Mechanism Of Action Of Cocaine Psychology Essay

Cocaine dependence treatment faces a number of problems, both connected with the variety of factors involved in the development of cocaine dependence, and with the often concomitant presence of other disorders like depression or multiple uses of psychoactive substances like other stimulants, alcohol, or opioids so that it becomes difficult to discern what effect is to attribute purely to cocaine addiction, as opposed to other substances or other disorders. This paper is intended to review the current knowledge on the neurobiological mechanisms that lead to cocaine dependence and the pharmacological treatments used to sustain abstinence and prevent relapse.

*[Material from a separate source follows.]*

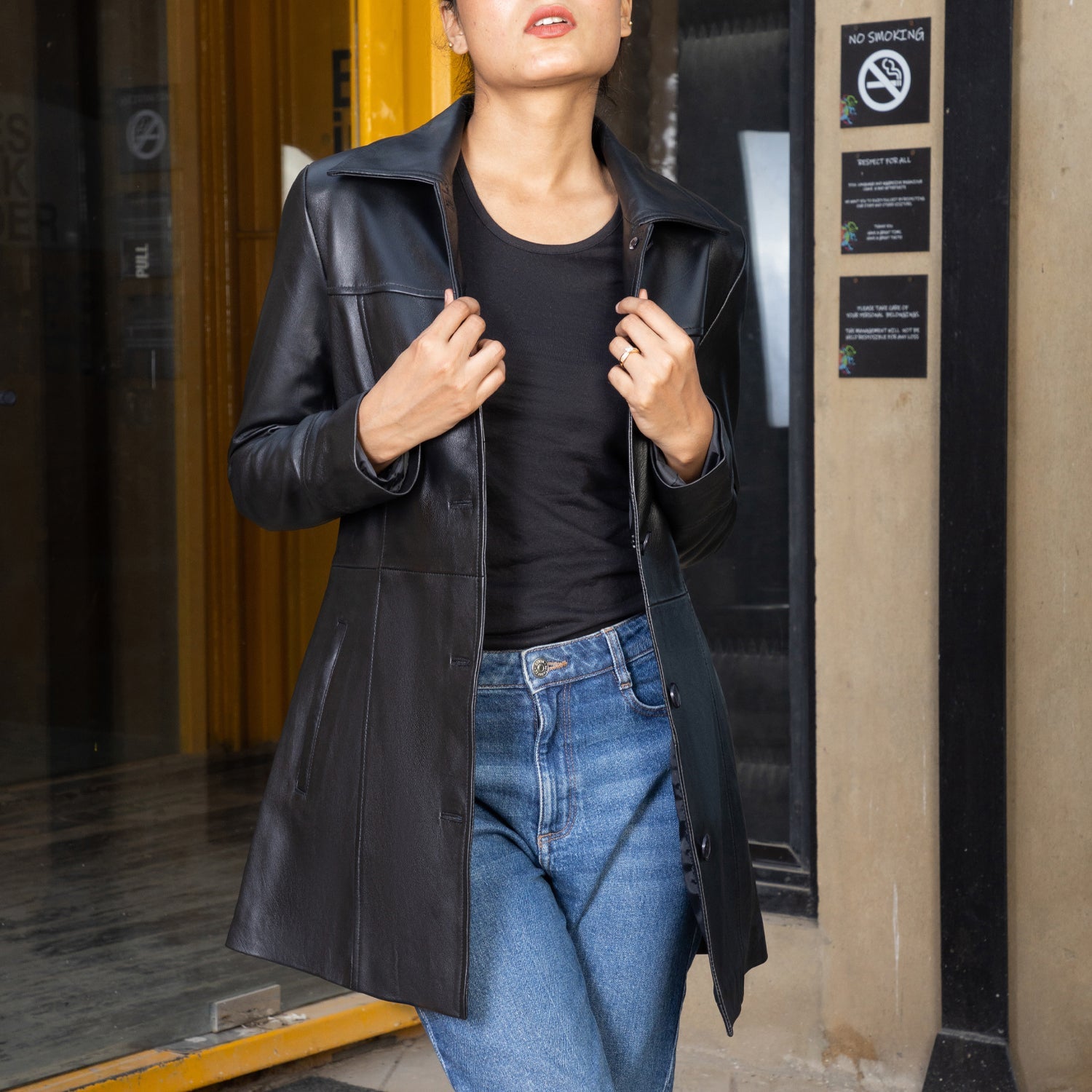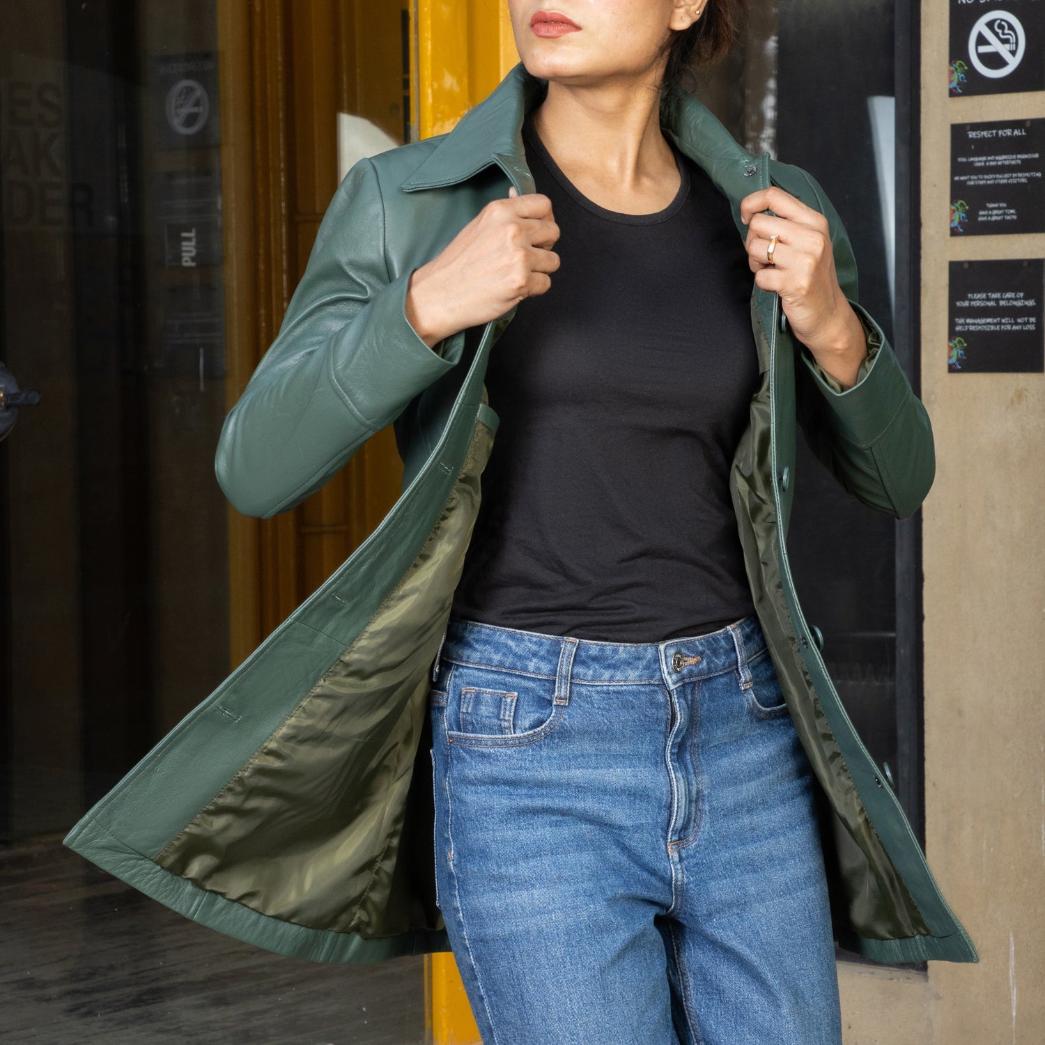 Women’s Real Leather 3/4 Length Car Coat, designed to offer both elegance and functionality. Crafted from 100% premium real leather, this coat delivers a sleek, minimalist look while providing warmth and comfort. The 3/4 length offers extra coverage, making it perfect for layering during cooler months, while the tailored fit ensures a flattering silhouette. Ideal for both casual wear and formal occasions, this car coat is the ultimate blend of luxury and practicality.

Mechanism of action of cocaine

Cocaine is a stimulant substance derived from the leaves of the coca plant, original of South America. The processing of the coca leaves gives a white powder, which is the form of the drug that is typically used by snorting: the substance is rapidly absorbed by the mucosa of the nose. Another method of use of cocaine is the crack, a further processing of cocaine that comes in blocks similar to small rocks and is either smoked or injected. Crack is a more potent substance than cocaine and, when smoked or injected, it reaches the brain very quickly. The effect of a single dose of cocaine is of intense euphoria and the user feels confident and alert. It can also produce hypersexuality, hypervigilance and psychomotor agitation (Kosten, 2002). Cocaine has a quick but short action: the effects may start after 8 minutes (although this may vary, depending on the way of assumption) and lasts around 20-30 minutes (Davey, 2008). Such an intense, pleasant and short effect usually leaves the user an immediate longing for more.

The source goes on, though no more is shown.